Tutorial: your first Surface spec

This tutorial gets you from zero to a working spec the Surfacide checker is happy with. We'll build a tiny URL shortener in five steps. By the end you'll have:

A surface (the user-visible contract).
A substrate (a real implementation with its own component state).
A clean run of surfacide check — including one obligation warning the checker found and that you decided how to handle.

You need ~15 minutes and the surfacide binary on your $PATH. Get it from the Surfacide page (build from source, ~1 minute).

Mental model. A .surf file describes a system on two layers. The surface is what users experience — actions, state they can observe, what's allowed to happen. The substrate is one implementation of that surface, with its own internal state and actions, mapped back to the surface via maps { … } and realizes { … } clauses. The checker today verifies the frontend obligations (slot coverage, cross-cutting consequences); a TLA+/PlusCal codegen for full refinement model-checking is on the roadmap. Read Overview for the longer pitch; you don't need it to follow this tutorial.

Step 1 — A module and the actors

Make a new directory tut/ with one file tut/spec.surf:

module Tut

actor Owner    -- registers short links
actor Visitor  -- follows them

type Slug = String
type Url  = String

Run the checker:

$ surfacide check tut/
surfacide: 1 file(s) checked, no diagnostics

You've declared two actors. Every action in Surface is performed by an actor — that's what lets the security story (who can do what to whom) be checked instead of asserted.

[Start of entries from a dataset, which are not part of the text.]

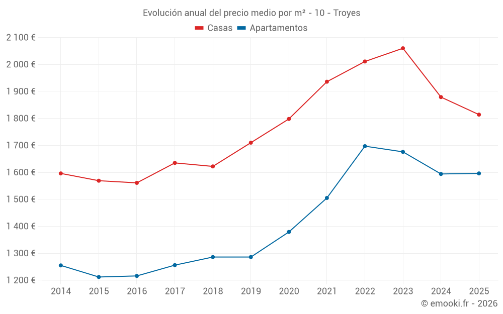 ¿Cuál es el precio por m2 de las casas en Troyes?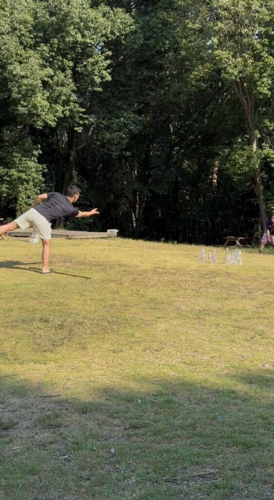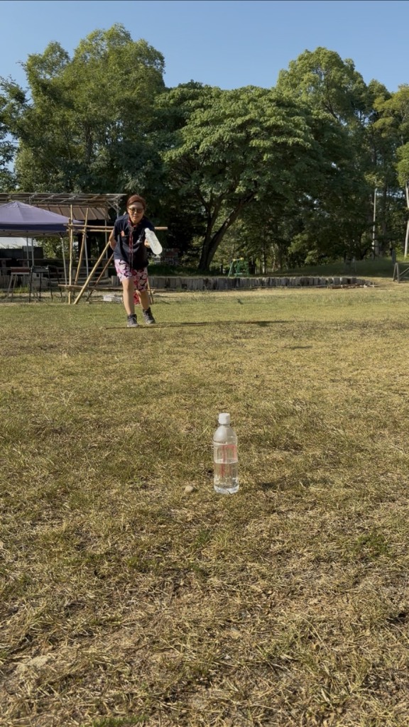 1日目のモルックが好評だったので、モーニングゲームとして班対抗もルックを実施しました。やってみると意外と難しく白熱した勝負が展開されました。おかげで朝から元気いっぱいでした!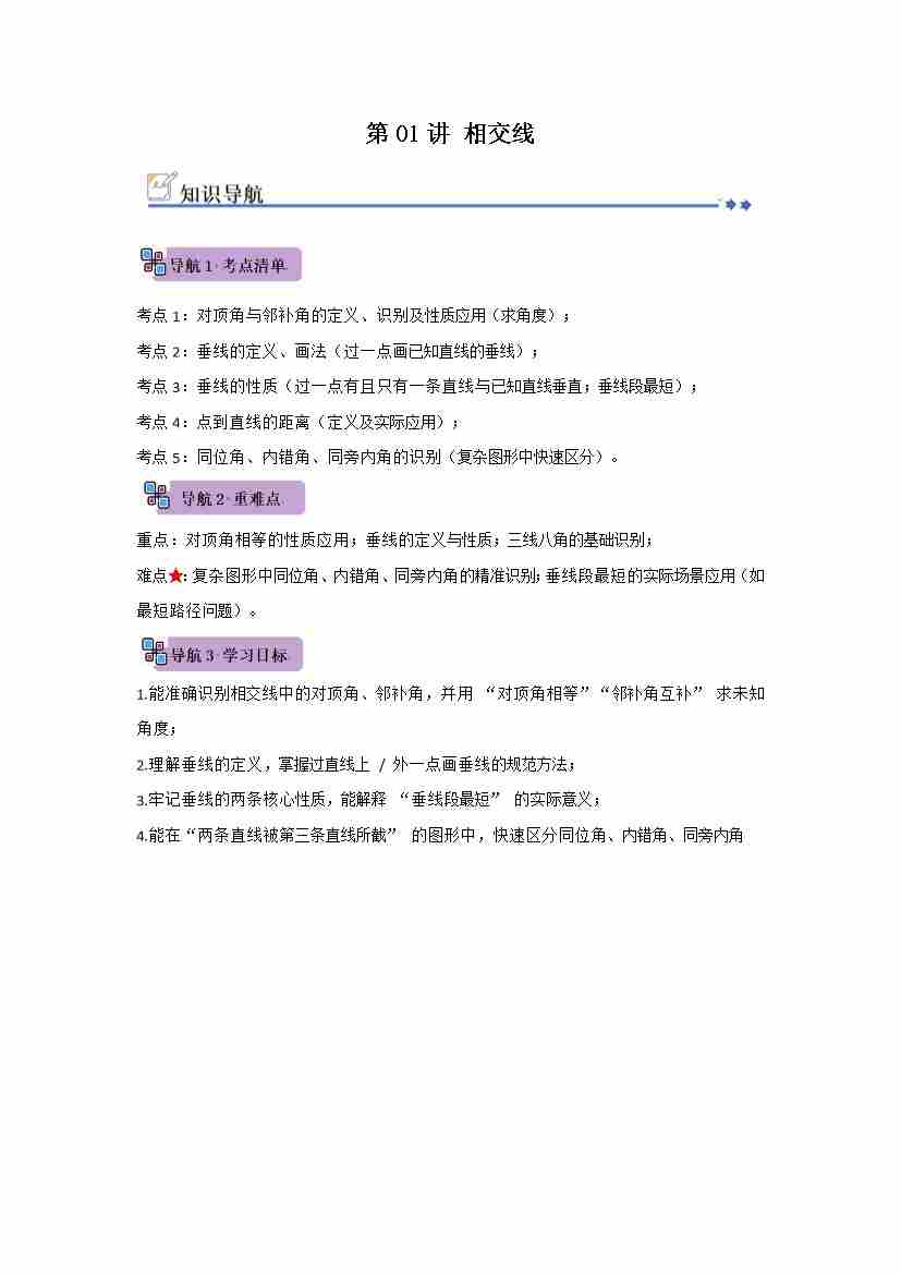 第01讲 相交线(知识解读例题精讲随堂检测)(原卷版)
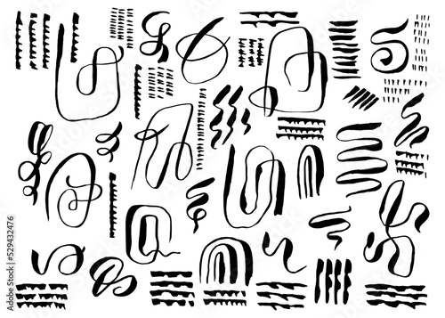Vector set of stylish artistic hand drawn textures. Lines, circles, smears, waves, brush strokes, knots. Hand drawn wavy shaped elements for your graphic design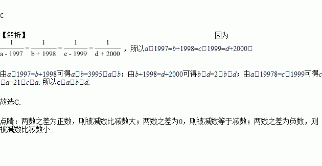 若四个有理数a,b,c,d满足,则a,b,c,d的大小关系是( )
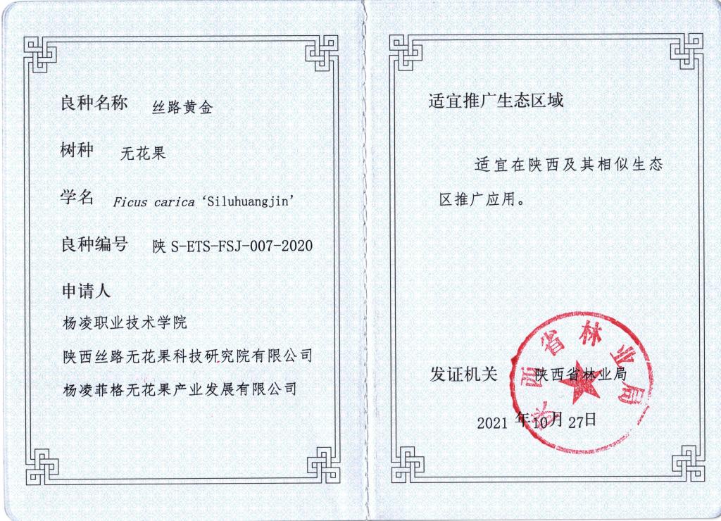“丝路红玉”、“丝路黄金”2个品种由杨凌职业技术学院作为第一单位,联合陕西丝路无花果科技研究院有限公司和杨凌菲格无花果产业发展有限公司,经过5年研究培育而成。“丝路红玉”新品种果皮紫红色、果肉浅红色,果面光洁、色泽均匀,单果重大,丰产性强,商品性极佳,鲜食特性明显优于其他品种。“丝路黄金”新品种果皮浅黄褐色、果肉浅红色、果面色泽均匀、单果重较大、含糖量高,果干的色泽更好,非常适合制干。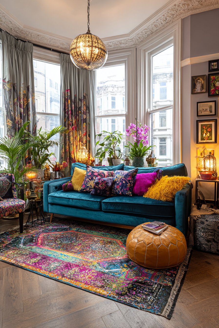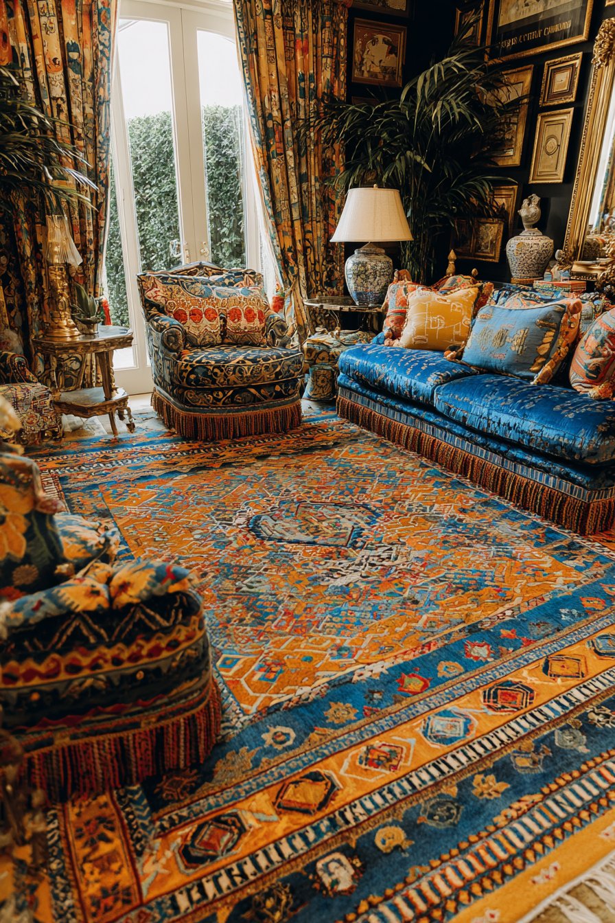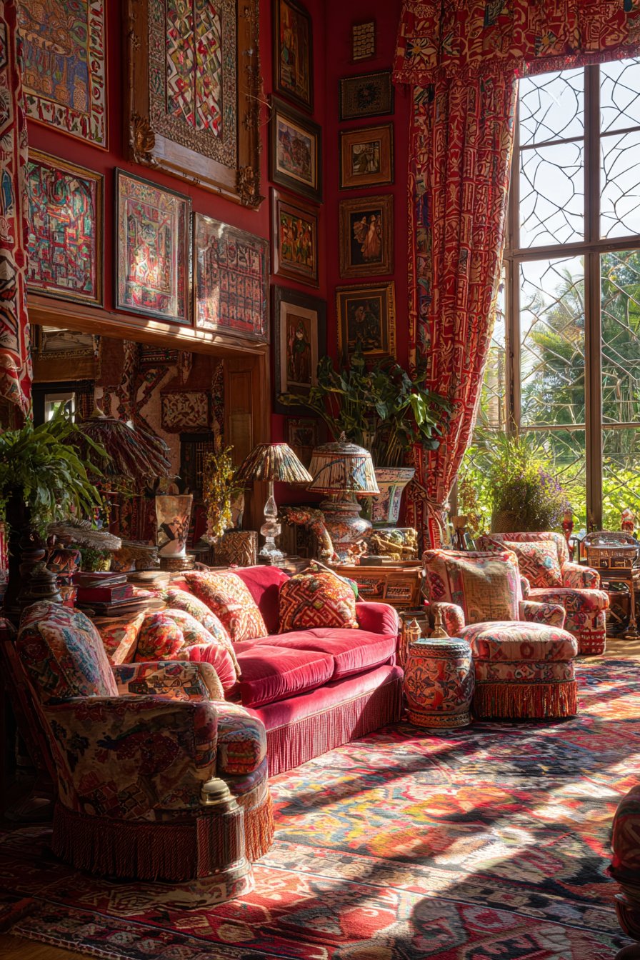 Elaborate window treatments featuring trim, tassels, and luxurious fabrics make windows architectural focal points rather than mere openings. A gallery wall with ornate frames displays diverse artwork in a carefully composed arrangement that creates visual impact through abundance rather than restraint. Multiple area rugs layer for additional pattern and visual depth, their overlapping edges creating zones within the larger room.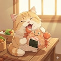 🐱<なかよくくえるんだな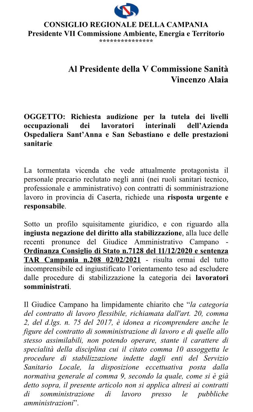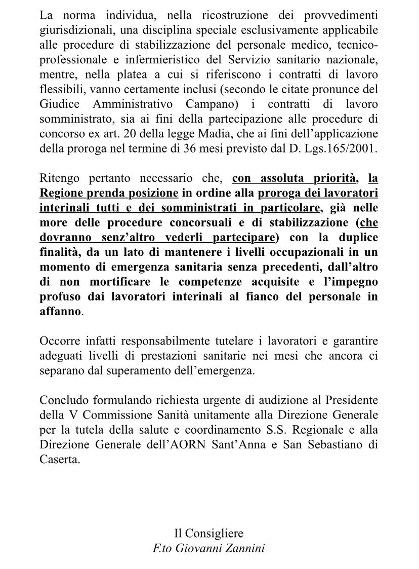 L’intervento della regione – spiega Zannini – è doveroso alla luce delle recenti pronunce del tar napoli che ha definitivamente chiarito come anche questa categoria di somministrati (oss e infermieri nello specifico ) debba ritenersi pacificamente inclusa all’interno del bacino dei somministrati da stabilizzare. Ecco qui di seguito il testo della richiesta di Zannini: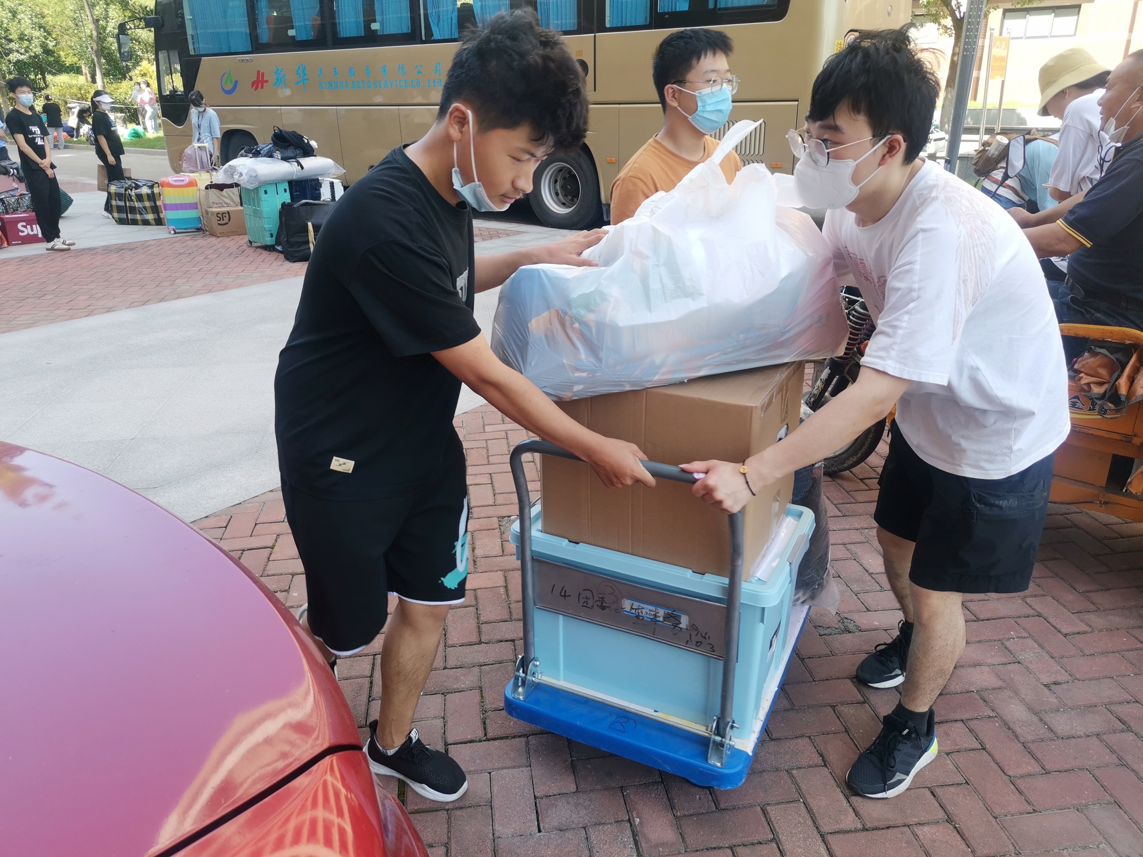 跨校区搬迁是该项工作的“重头戏”。在公司总务部、员工工作部等相关职能部门的支持和帮助下,永利yl23411闵行校区工作办公室组织2021级本科生以寝室与班级为单位,依次抵达上车点,有组织、分批次搬运上车,做到行李完整、防控有效。随着一排排搬运车辆的安全抵达,公司党委副书记沈瑾组织员工工作团队全员参与,协助调度搬运,不仅做到科学高效,更加温情暖心。临港校区的志愿者们主动上阵,搬起大包小包的行李,推着平板车一趟趟穿梭于楼宇之间。他们不仅充分发扬了互助、友爱、奉献、进步的志愿精神,更展现了商院学子的良好精神风貌。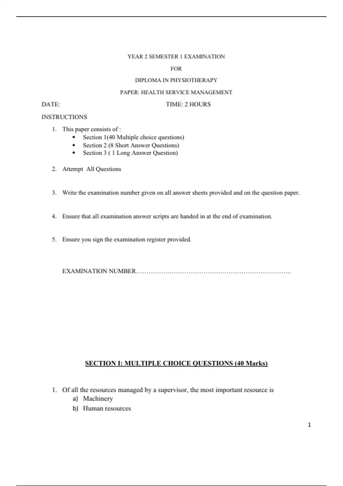 HSM 1 EXAM FOR PHYSIOTHERAPY

type Slug = String is a type alias, just for readability.

Step 2 — Your first action, and the slot pass

Add a surface { … } block. Inside it, declare the state and one action:

surface {
  state {
    links : Map[Slug -> Url]
  }

  init {
    links := {}
  }

  action create(s: Slug, target: Url)
    by    o: Owner
    raises { SlugTaken when s in links.keys }
    then  links[s] := target
}

Re-run surfacide check tut/. You'll see seven errors, one per missing slot:

error[E_SURFACE_SLOT_MISSING]: action `create` is missing required slot `idempotency`
   ╭─[tut/spec.surf:...]
   ╰────
  help: add `idempotency: <value>` or set a project-wide default

…and the same shape for auth_channel, retention, rate_limit, observability, availability, freshness.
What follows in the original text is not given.